Взял футляр и не спеша ушел.
– Прошлое всегда уходит, а будущее приходит, но не всегда, – процитировал он кого-то, но этого никто не слышал.
Когда обнаружили генерала мертвым, оформили протокол и отправили в морг. По какой-то нелепой случайности его привезли в тот же морг, в который когда-то давно доставили и его учителя химии, приемного отца Андрея Карловича, тоже с инфарктом. Но еще более странно, что дежурил в тот день тот же самый пьяненький патологоанатом, правда, уже изрядно повзрослевший. Княжина выгрузили и сказали судмедэксперту нашему, что ему генерала привезли с инфарктом.
– А у меня здесь, как в бане, генералов-то нет. Инфаркту все равно, генерал ты или забулдыга какой. Правда, забулдыг инфаркты меньше тревожат, потому, как они все время тренируют сердечную мышцу, – проговорил патологоанатом. Отхлебнул из железной кружки разведенного спирта, закурил и произнес: – Ну-с, приступим.
Именно он и установил, что никакой это не инфаркт у молодого цветущего генерала, а пять проникающих ранений острым длинным предметом, и все они смертельные.
– Да, генерал, кто-то очень-очень хотел тебя убить. И у тебя не было ни единого шанса остаться среди живых, – произнес патологоанатом, отхлебнул спиртика из кружака и отправился спать.
Часть II
Глава 21. О себе
Ну, значит, обо мне. Или о себе? Или обо мне? Так о себе или обо мне?
Если уж я запутался – «о себе, обо мне», – то читатель точно не разберется, о ком. И ничего удивительного. Появился в начале книги, соблазнил Василину и, как это часто бывает в жизни, пропал куда-то – смылся. Хотя я никуда и не пропадал, а все время был с вами в роли повествователя этой нисколько не придуманной жизненной саги. Зовут меня Сергей, и я был у Василины седьмым – так она сама сказала, хотя никто ее об этом и не спрашивал. Она еще добавила, что будет и восьмой, но тот не в счет – не считается, значит. Ох уж эта мне ваша женская откровенность, излишне полная! Мы ведь теперь с вами, дорогие читатели, уже понимаем, что совсем голая правда неприглядна. Но Василина такой откровенной родилась, и ее не изменишь. А может быть, все же она мне не всю голую правду рассказала, а я – вам? Что ж, вполне возможно. Сколько нас таких вьется у ваших стройных ног, милые дамы, – всех ведь и не запомнишь.
Значит, обо мне. Я, вообще, невысокого мнения о себе – может, потому, что невысокого роста? Не очень уверенный в себе – значит, не самоуверенный.
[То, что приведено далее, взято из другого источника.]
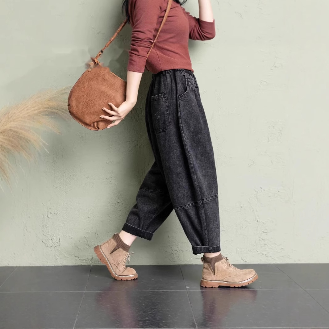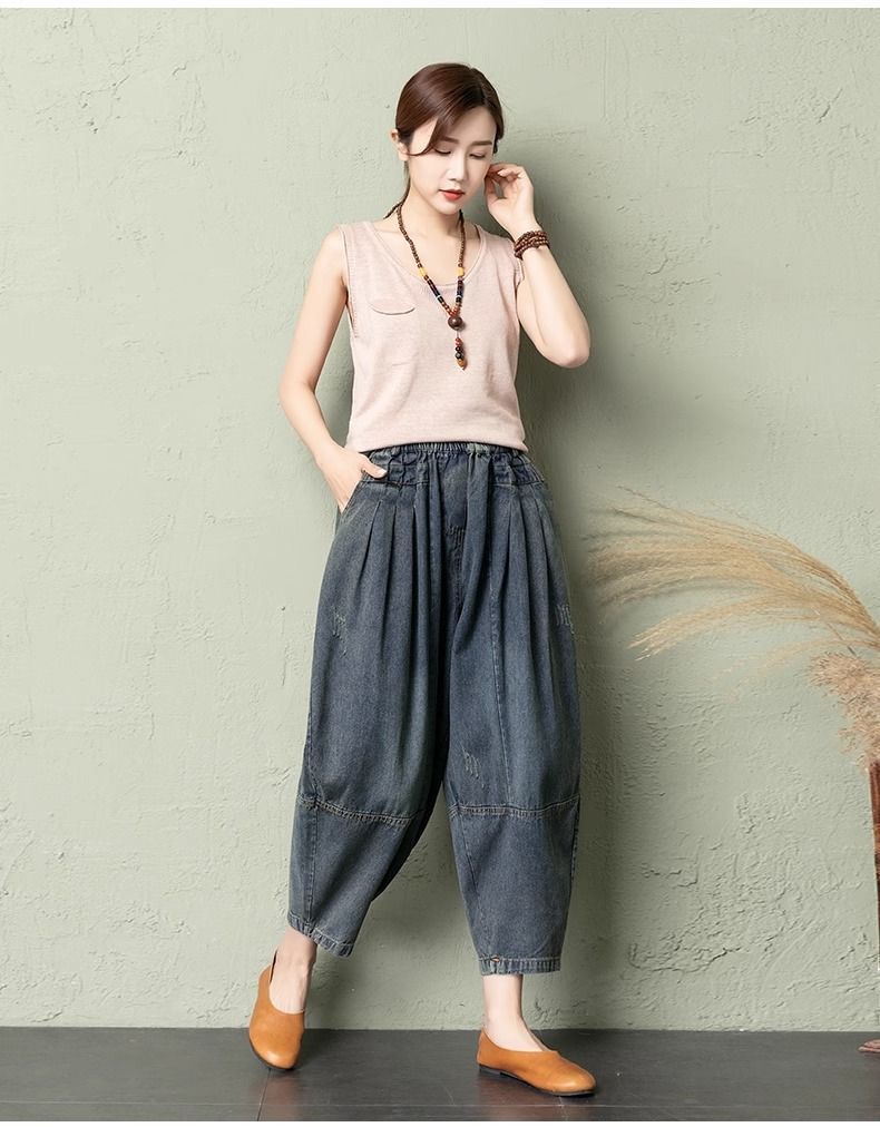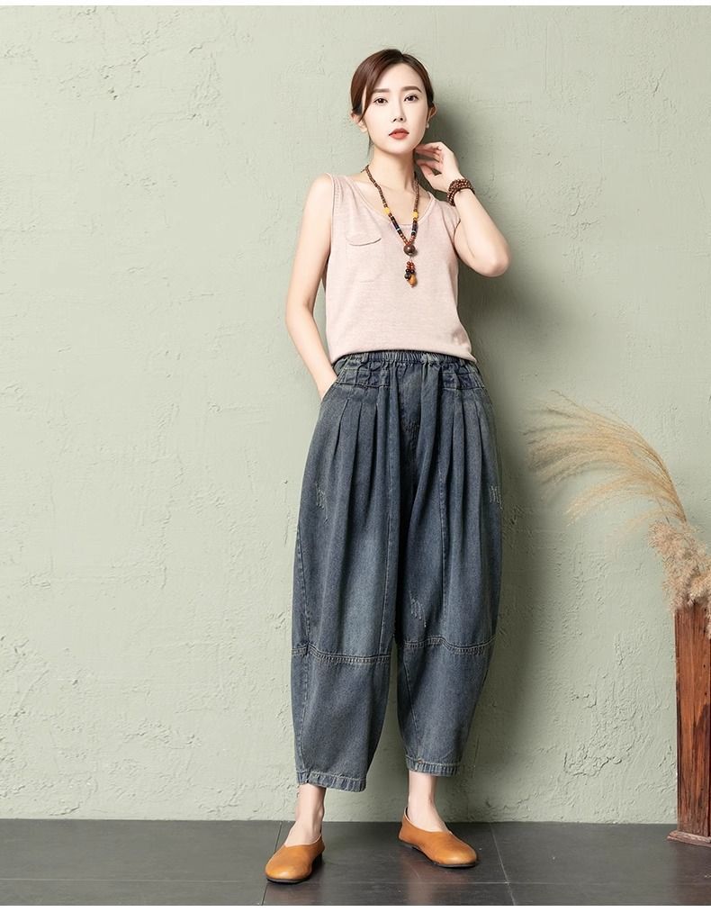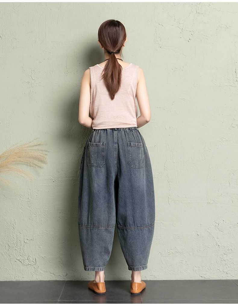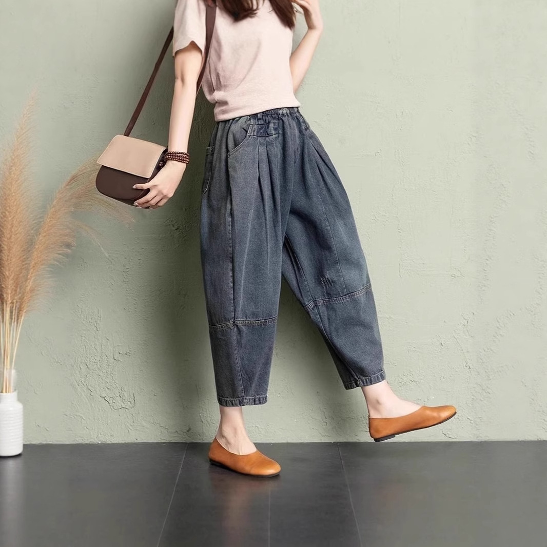 데님 당근팬츠 여성 와이드 레그 9부 가을 신상 빅사이즈 루즈한 하렘팬츠 얇은 슬리밍 여름 아빠팬츠

Обычного ума – значит, нормальный. Без особых способностей, довольно средненький во всех смыслах хомо сапиенс. И не знаю, что она во мне нашла. Тут я себе немного цену набиваю! Но я-то очень рад, что мне посчастливилось и я смог ею обладать. Василина – потрясающая женщина, и я на ней женился позже. Правда, потом развелся из-за ее прабабки Кати из Лондона, но не только. Ну да по порядку.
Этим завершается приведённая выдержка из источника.